The one or more vibration sensors are arranged to pick-up sounds and to convert the sounds into a vibration sensor audio signal. The one or more vibration sensor can have processors for processing the audio signal. The vibration audio signal is fed to the subtractor. The one or more air microphones are arranged to pick-up sounds and to convert the sounds into a air microphone audio signal. The one or more air microphones can have processors for processing the air microphone audio signal. The air microphone signal is fed to the subtractor.

According to embodiments of the invention, the subtractor is arranged to receive the vibration audio signal and the air microphone audio signal. The subtractor is arranged to subtract the air microphone audio signal from the vibration audio signal. The subtractor is arranged to obtain a subtracted output audio signal. The vibration audio signal will have, in high noise environments, have a relative high SNR for the voice in the picked-up sounds. The air microphone audio signal has low SNR with respect to the voice in the picked up sounds. Subtracting the air microphone audio signal from the vibration audio signal will reduce the noise present in the vibration audio signal even further, thereby increasing the SNR with respect to voice.

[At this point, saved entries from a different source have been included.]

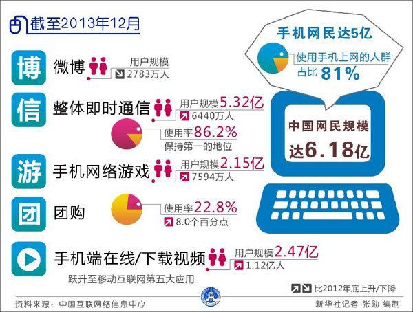 中国互联网络信息中心16日发布数据显示,截至2013年12月,中国网民规模达6.18亿。其中,网民中使用手机上网的人群占比由2012年底的74.5%提升至81.0%,手机网民规模继续保持稳定增长。
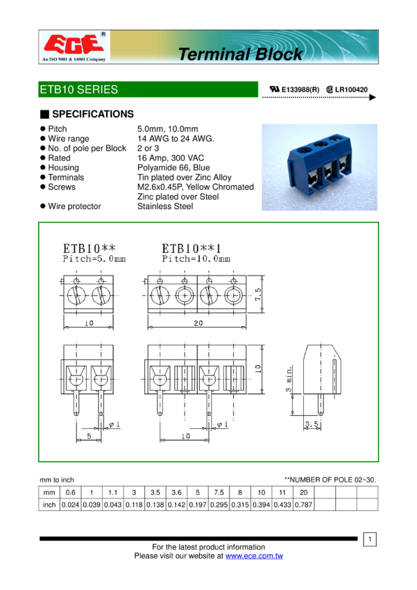 Łączówka; ETB10-03; AK301; 3 tory; R=5mm; 10mm; 15A; 300V; THT; proste; śrubowy; poziomy; 1,5mm;2; czarny; ULO; RoHS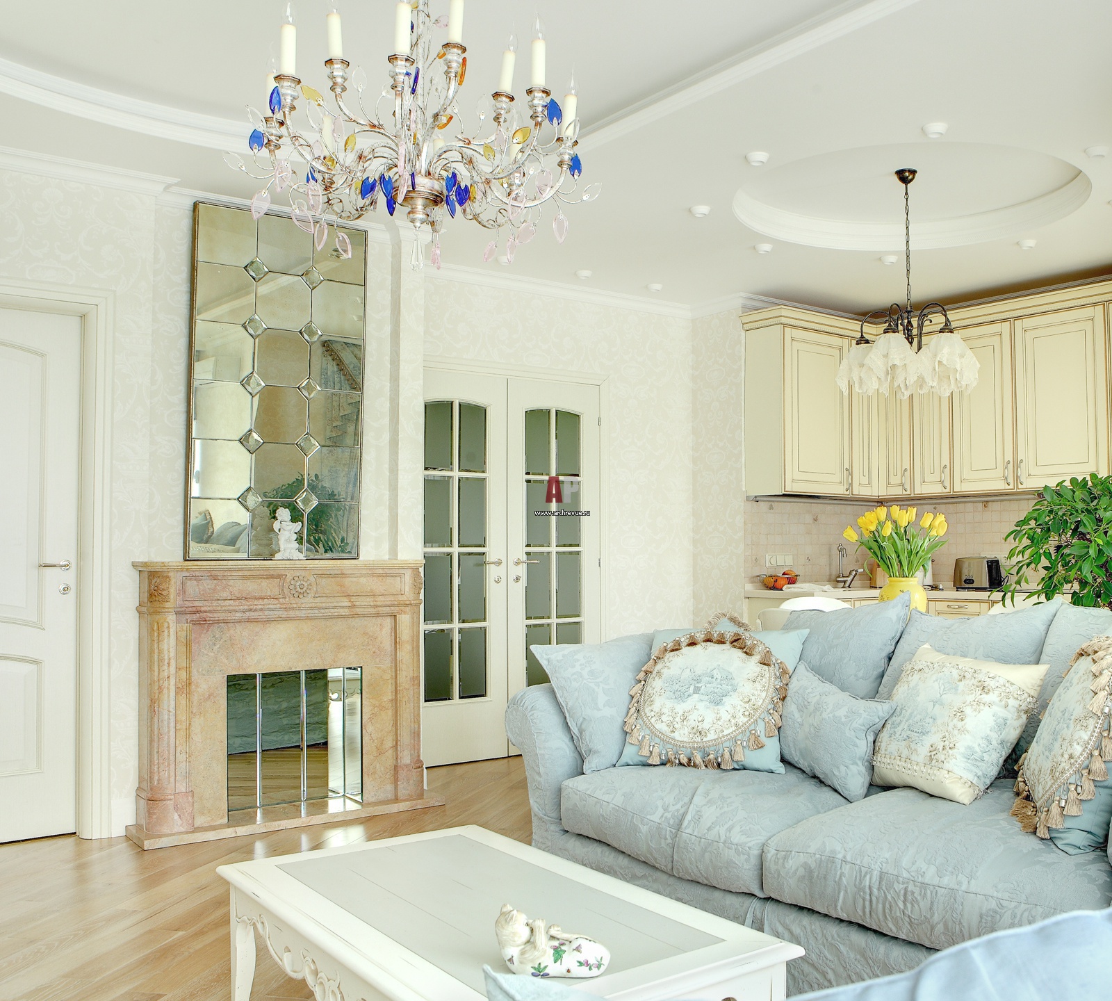 Интерьер гостиной декорирован фальш-камином. Его портал сделан из резного мрамора, поставщик новый«Новый камень». Со стеклянными полотнами распашных дверей Union рифмуется вертикальное зеркало, набранное из небольших квадратов.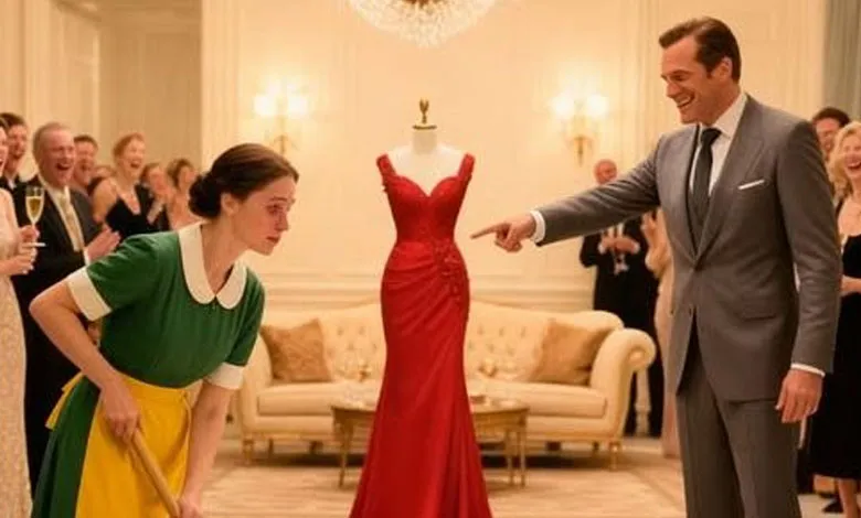 Amid laughter and raised glasses, a striking woman appeared at the grand entrance. The crowd glanced her way, and everything paused. Clara stood there wearing the same red dress that had once been a symbol of her embarrassment but now radiated power. Her hair was neatly gathered, her posture graceful, her expression calm- no trace of the timid maid remained.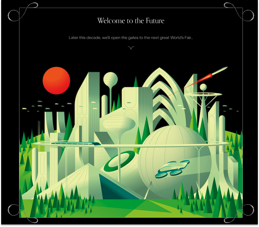 纽约世界博览会委员会希望这次活动不是遥远的未来,而是一个现实的、明确的乐观愿景:“1939年纽约世界博览会的主要目的是展示当今的工具,美国正准备用这些工具建设一个更美好的未来。”,它提供了对 "可用的未来"以及在灾难面前的希望、可能性和活力的探索。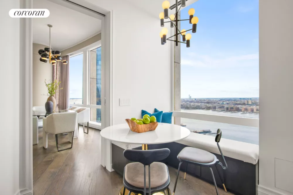 In addition, residents will have access to 22,000 square feet of luxurious private amenities including a residents-only fitness center with a stretching and yoga studio, serene meditation room, business center and boardroom, elegant cocktail lounge and bar, screening room with wet bar, golf simulator lounge and a grand terrace and private dining room with catering services overlooking the Hudson River with stunning sunset views.

In embodiments, the headset may be a wireless headset. In embodiments, the headset may be earphones, headphones, earbuds, earplugs and any audio device which can be worn over or inside the ears to facilitate audio communication. The headset can comprise a microprocessor configured to process audio signals.

In embodiments, the headset may be configured to carry out the methods of the first aspect. One skilled in the art would appreciate that more hardware components may be used for carrying out the steps of the methods of the first aspect. These hardware components may include antenna, audio codec, Digital-to-Analog (D/A) converter, speaker, radio transceiver, Digital Signal Processor (DSP), Tensilica processor, digital microphones, Power Management Unit (PMU), battery, and any component suitable for carrying out the methods of the present invention.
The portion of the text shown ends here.